Similarly isn't the existence of space-times with closed timelike curves an evidence that gravity is also non-causal?

Well, it's evidence that GR admits solutions where causality is problematical, but all the time machines I know about require stress-energy tensors that are unphysical. My own view is that GR is a superset of the real world, and as long as we confine ourselves to realistic stress-energy tensors there is no violation of causality.

Answer 2

You're right that the definition of a black hole based on an event horizon is non-local - you need to examine the entire future evolution to check if a light ray makes it to $\mathcal{I}^+ $. However, more local alternative definitions have been discussed, such as those involving apparent horizons: You basically define a closed two-surface to be trapped if, when you look at the pair of future-oriented null directions which are orthogonal to it, you find that they're converging as the surface evolves in time.

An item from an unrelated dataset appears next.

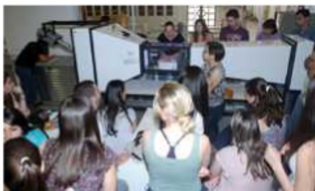
Túnel simula ventilação através de uma fumaça cinematográfica

A point on a timeslice is trapped if it lies on a trapped surface in the timeslice. The apparent horizon is then the boundary of the union of the trapped points.

This just makes use of local quantities - the test for convergence of the null directions is computed using derivatives only. No need to wait for future null infinity! More discussion and refinements here.

Answer 3

There are several definitions of black holes and black hole horizons. You are correct that the event horizon is definitely a non-local phenomenon, and would not be measurable by a local observer. This fact doesn't affect the local dynamics of that observer, though, because she would still be inhabiting a locally freely falling frame, and her dynamics could be fully worked out by the geodesic deviation equation, which IS local. Just because you have global structures like black hole horizons and asymptotic infinities doesn't overrule this fact. It would be similar to saying that fluid dynamics isn't local because a surfer in san diego can't tell whether the wave he's on stretches to san fransisco. The wave might have a global structure that big, but the only important thing (for locality) is whether you can send a signal along the wave at a speed faster than the allowed wave speed.

Answer 4

What are the most precise definitions of "locality" and "causality"?

Causality means that a physical process happening at space time event $x$ is the physical cause of another physical process happening at space-time event $y$

Relativist locality (in special relativity) says that physical quantities at space-time event $x$ cannot be the cause of other physical quantities at space-time event $y$, if the events $x$ and $y$ are separated by a space-like interval : $(\Delta s)^2(x,y)=(x-y)^2<0$ (in a metrics $g = Diag(1,-1,-1,-1)$

In Quantum Field Theory, this is expressed as : $[\Phi(x), \Phi'(y)]_{(x-y)^2<0} = 0$, where $\Phi, \Phi'$ are any physical measurable quantities (hermitian operators).

What are the most precise ways known to justify that gravity is non-local? How does one reconcile this with the fact that Einstein's equations local? (any differential equation is local by definition!)

The problem, is that, for any space-time point $x$, we may choose frames, which are (locally) inertial frames. So, locally (at $x$) - and only locally -, the effects of gravity are being cancelled, just by a change of frame. This is the consequence of the invariance by diffeomorphism of the Einstein equations. So, inevitably, there is a pseudo "non-local" appearance character of gravity. But the expression "non-local" is not a good choice, because that does not mean at all that you can send an instantaneous information, or locally violate special relativity. This just comes for the freedom to choose frames at some space-time point $x$. Note that one of the consequences is that you cannot find a total stress-energy tensor which is both covariant and conserved.